§ Directions for this task
Copy every record exactly as it stands. Leave the pictures out.

§ Supplied information
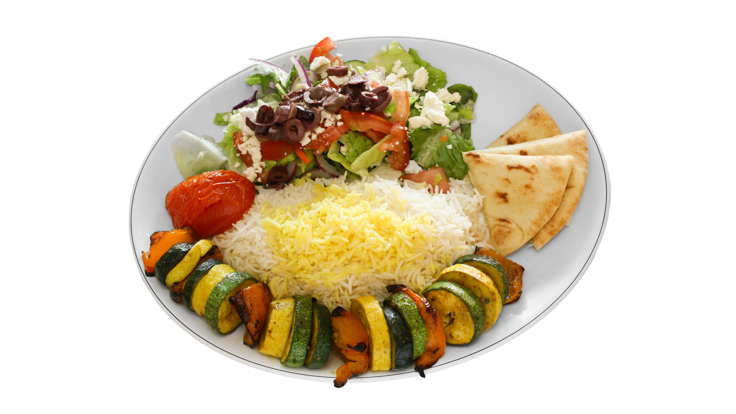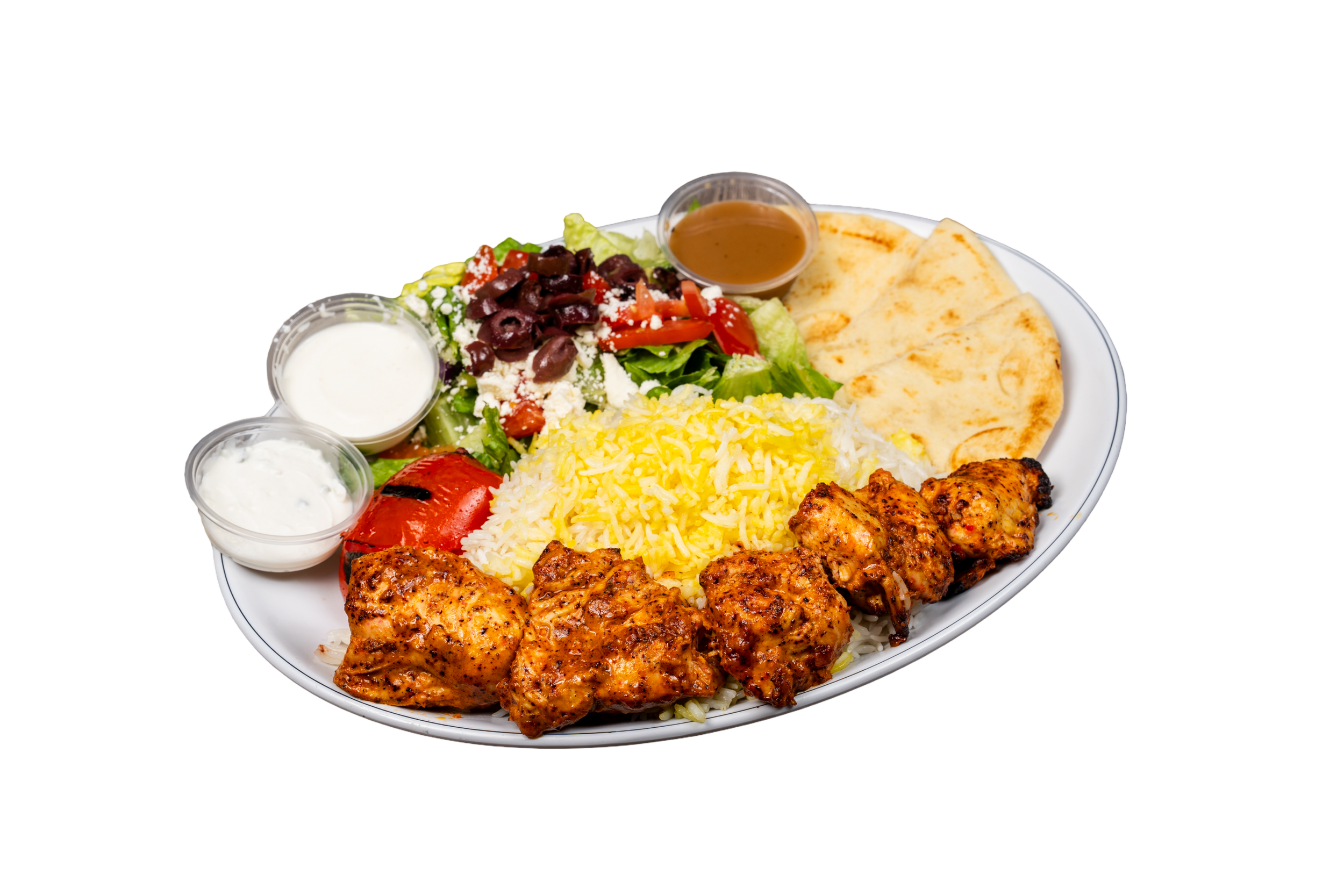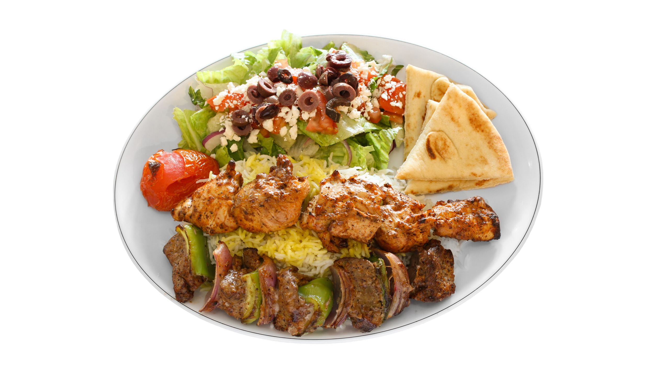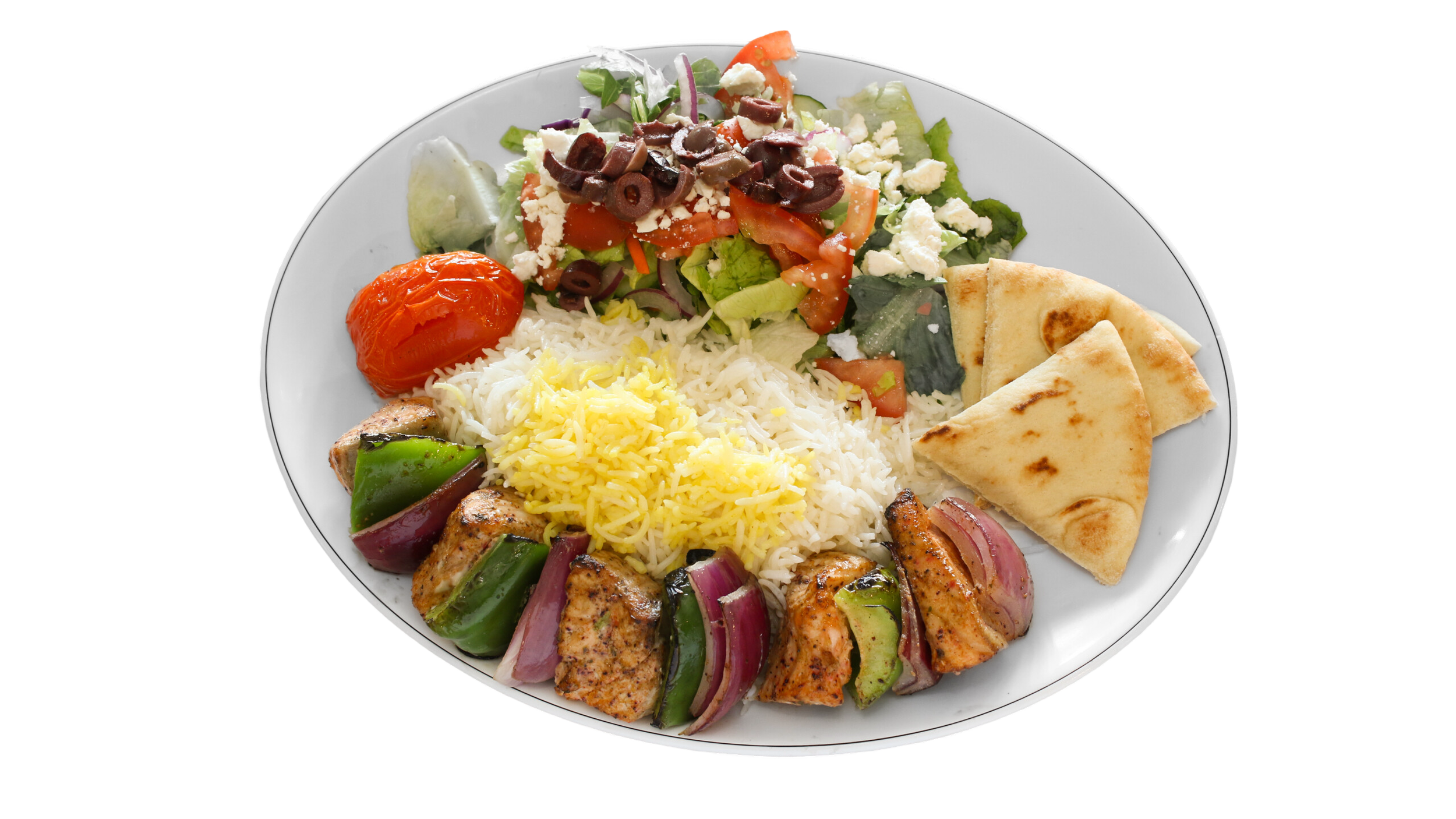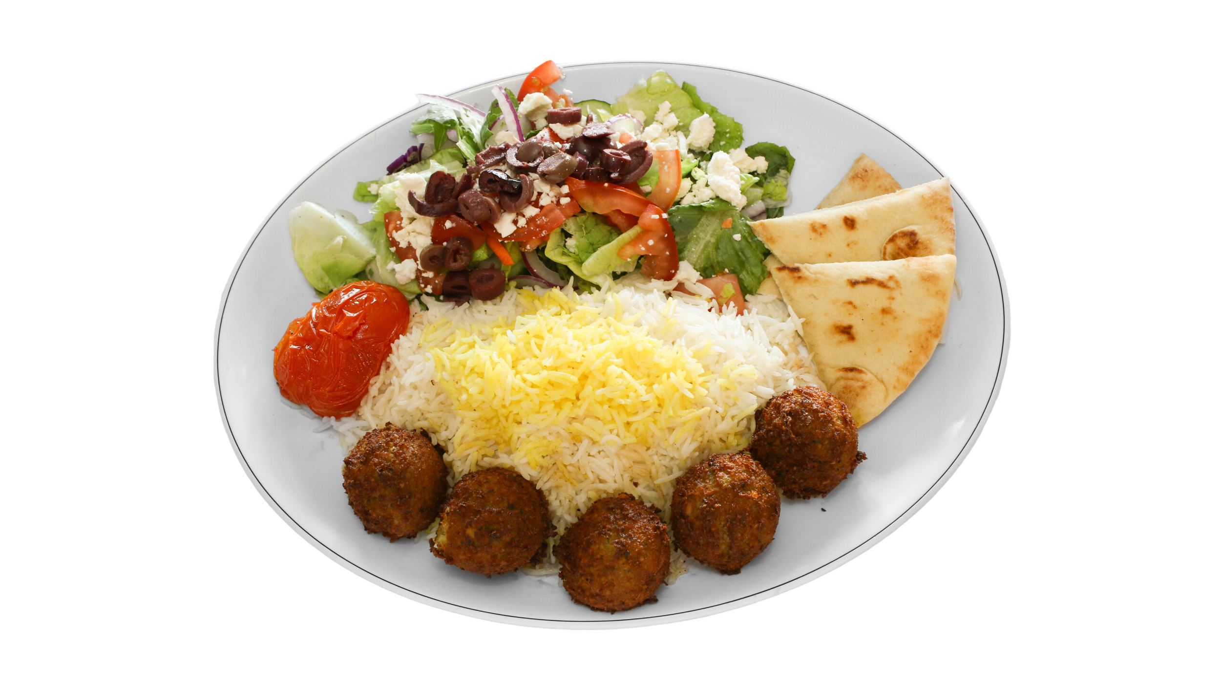 Plates Come with Two Sides, Sides: Basmati Rice, Greek Salad, Hummus, Fries, Babaganoush, 3 Falafels.
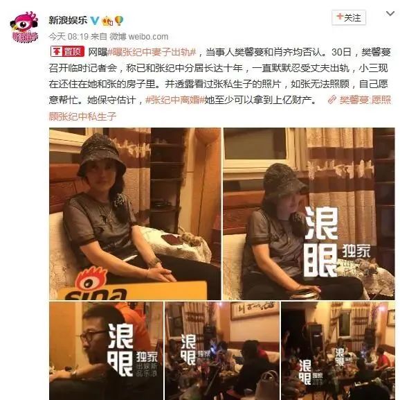 如此證據確鑿之下,前妻樊馨蔓依然否認出軌,甚至在接受記者采訪時聲稱:“張紀中在外養著比自己小31歲的小叁,私生子已經快叁歲了,自己在這裡苦苦的工作。”
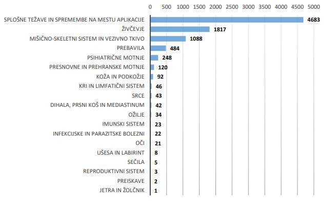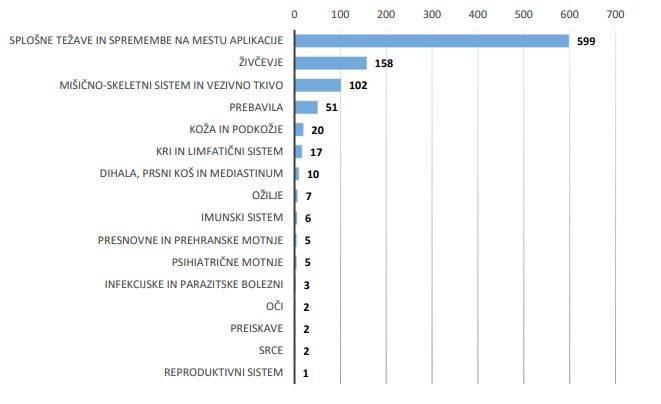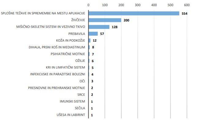 Inštitut prijavljene neželene učinke razvršča po organskih sistemih na način, ki ga uporablja Evropska agencija za zdravila.
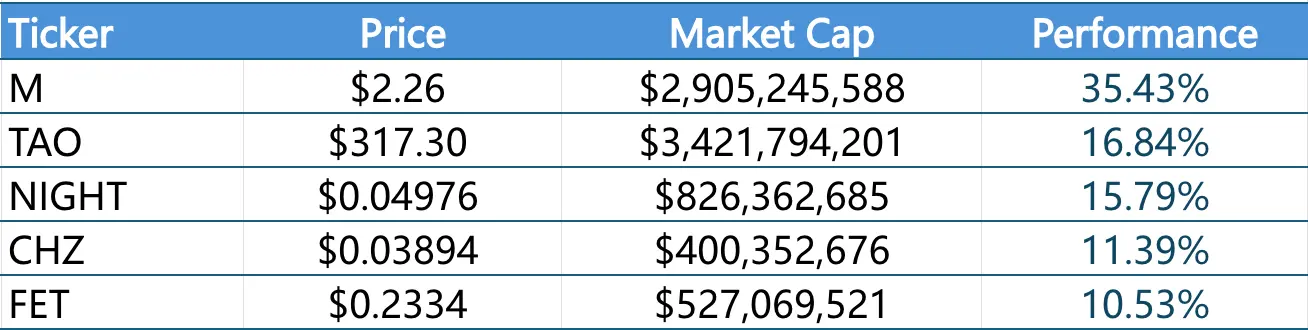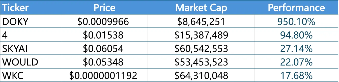 过去一周内涨幅前五的Meme币
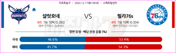 12월 17일 NBA 샬럿 호네츠 필라델피아 76ERS 미국프로농구분석 스포츠분석
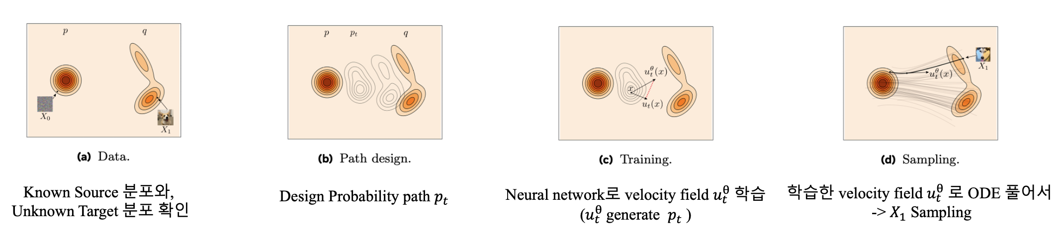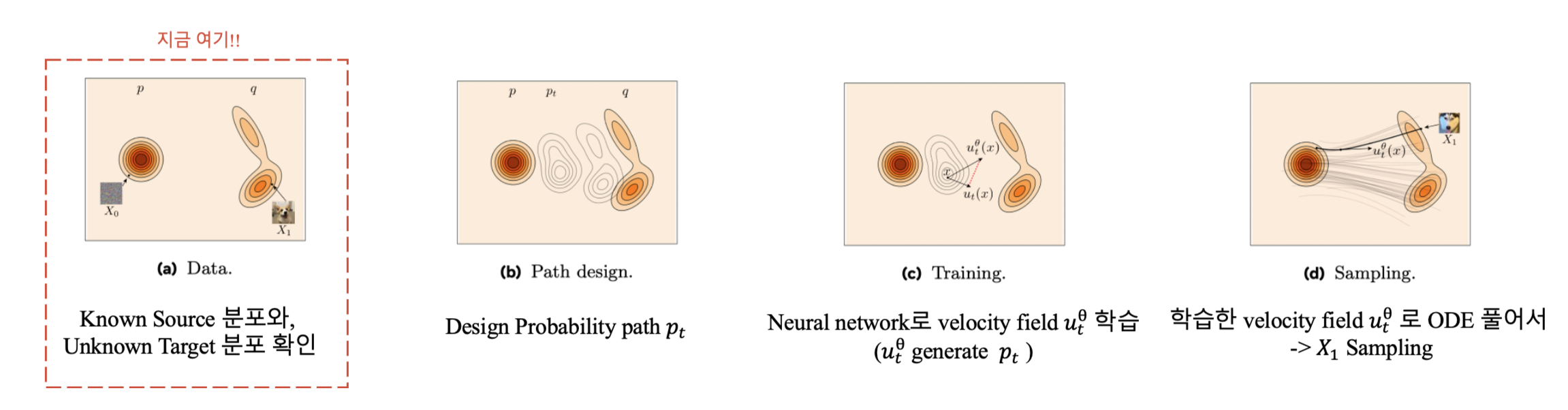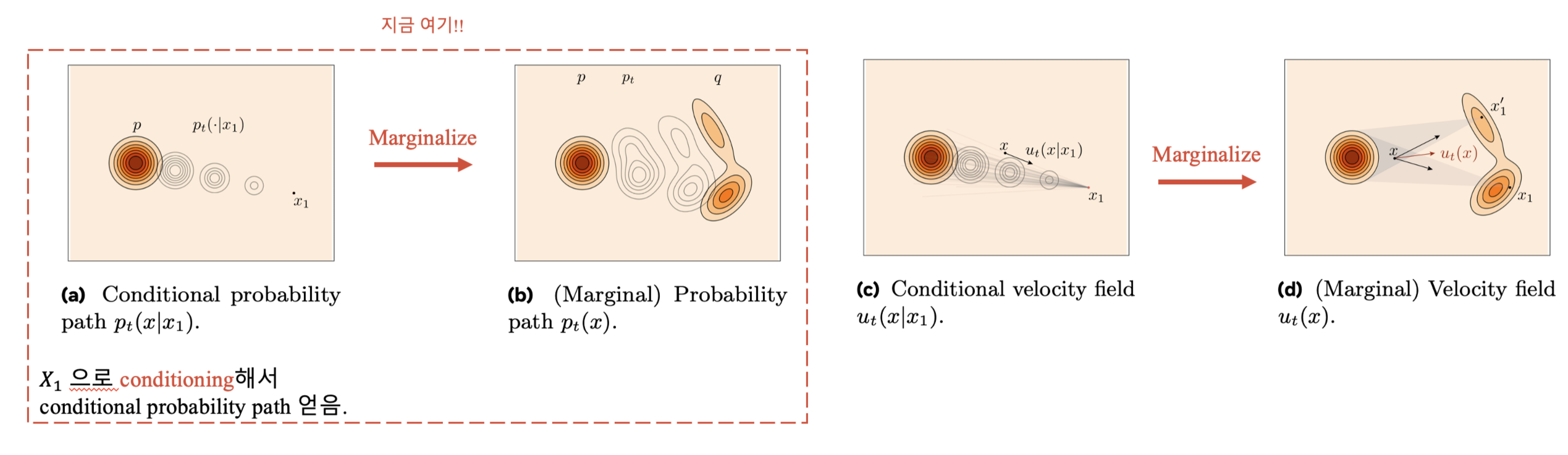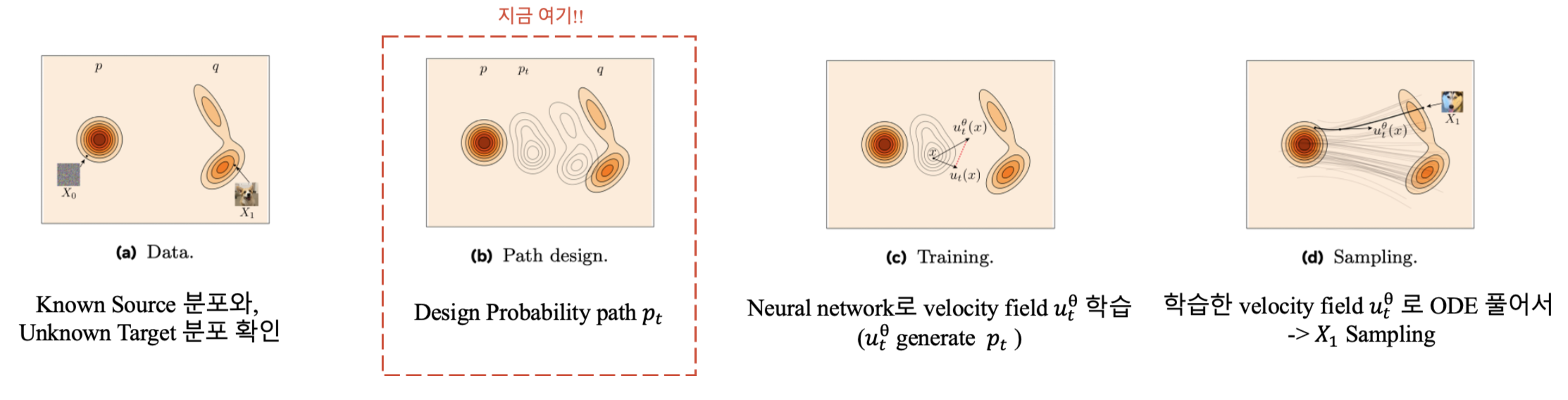 이번 section에서는 1번과 2번, 즉, conditional probability paths and velocity fields를 design 하는 방법에 대해 살펴봅니다.
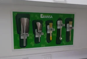 Un tablero no es solo un adorno; es el centro de control del área. En la imagen de nuestro proyecto para Empresas Iansa, vemos un tablero diseñado con compartimentos de acrílico para:
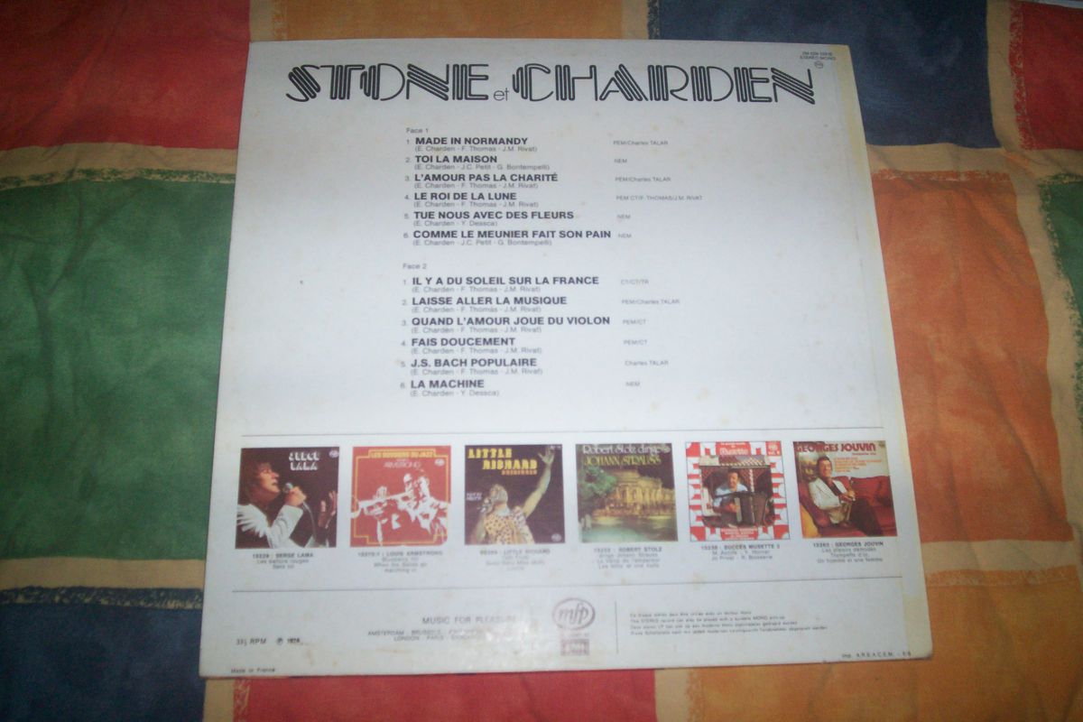 disque 33 tours 12 titres de stone et charden pochette et disque comme neuf voir les titres sur dos de pochette photos jointes .

§ Exercise output
 Plates Come with Two Sides, Sides: Basmati Rice, Greek Salad, Hummus, Fries, Babaganoush, 3 Falafels.
 如此證據確鑿之下,前妻樊馨蔓依然否認出軌,甚至在接受記者采訪時聲稱:“張紀中在外養著比自己小31歲的小叁,私生子已經快叁歲了,自己在這裡苦苦的工作。”
 Inštitut prijavljene neželene učinke razvršča po organskih sistemih na način, ki ga uporablja Evropska agencija za zdravila.
 过去一周内涨幅前五的Meme币
 12월 17일 NBA 샬럿 호네츠 필라델피아 76ERS 미국프로농구분석 스포츠분석
 이번 section에서는 1번과 2번, 즉, conditional probability paths and velocity fields를 design 하는 방법에 대해 살펴봅니다.
 Un tablero no es solo un adorno; es el centro de control del área. En la imagen de nuestro proyecto para Empresas Iansa, vemos un tablero diseñado con compartimentos de acrílico para:
 disque 33 tours 12 titres de stone et charden pochette et disque comme neuf voir les titres sur dos de pochette photos jointes .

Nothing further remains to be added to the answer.